并行数组检查

Question

我既不是C++专家，也不是并发编程。但是，我正在实现一个简单的推理算法，该算法需要检查许多独立的模型。可能的模型的数量是巨大的，所以我想同时检查它们。

为了使其尽可能简单，我将我原来的问题转化为一个非常简单的问题：如何确定数组是否包含非零值？一个简单的，连续的解决办法是这样的：

bool containsNonZero (int* arr, int len) { 
    for (int i = 0; i < len; ++i) 
     if (arr[i]) return true; 
    return false; 
} 

（注：在现实中，len个无法放入一个INT，但在我原来的问题，不存在阵列，只是众多组合我生成但不存储。
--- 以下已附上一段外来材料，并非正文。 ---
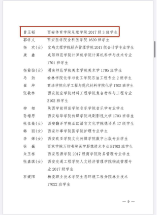 曾玉韬:男,汉族,1997年9月出生,甘肃白银人,共青团员,万象城allwincity官网足球学院2017级三班学生,现任万象城allwincity官网学生会副主席、大学生社团联合会主席,万象城allwincity官网习近平新时代中国特色社会主义思想学习实践社副社长;陕西省大学生骨干培养学校第十三期学员,参与陕西省第十三届人民代表大会常务委员会第11次、13次会议旁听。曾获校级“优秀共青团员”“优秀共青团干部”“校园文化先进工作者”“优秀学生干事”“优秀学生干部”“校庆工作优秀志愿者”,省级“2018世界篮球峰会优秀志愿者” “2019年‘三下乡’活动省级先进个人”等荣誉。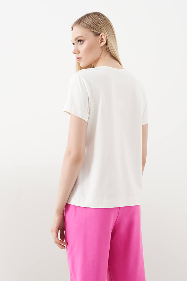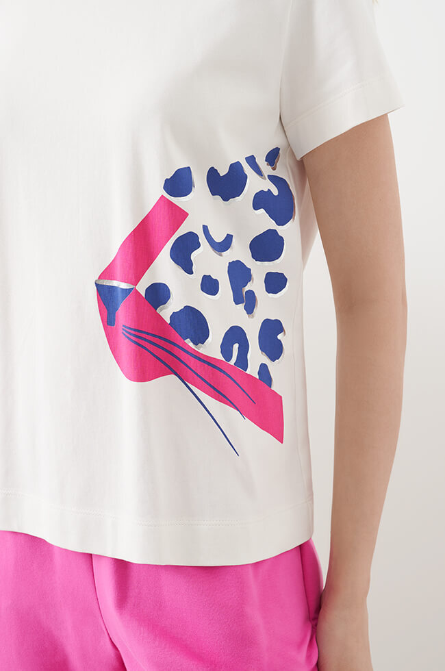 Футболка прямого силуэта, выполнена из трикотажного полотна. Овальный вырез горловины. Короткие притачные рукава. Спереди выполнен дизайнерский принт «Гепард» с фольгированным эффектом.

）

但是，我需要一个并行（和高效）的实现。有吨=的std ::螺纹:: hardware_concurrency（）线程搜索阵列（请注意，吨 < < len个。如果LEN％T！= 0那么它不会使一个问题最后一个线程处理剩余的值）。因此，第一个线程将搜索从到len/t的索引，第二个线程将搜索从len/t到（2 * len）/ t等的索引。最后一个线程将搜索索引从（（t-1）* len）/ t到len。如果线程发现非零值，则所有线程都将停止并返回真。否则，他们将等待其他人完成，如果所有线程都同意，将返回false。

这似乎很容易，但我在网上找不到任何答案。任何C++版本都是受欢迎的，但我不想依赖任何第三方库。

Answer 1

下面是怎么回事？

每个工人检查天气的范围内的元素是非零或如果原子标志设置（意思是其他线程已经找到它）。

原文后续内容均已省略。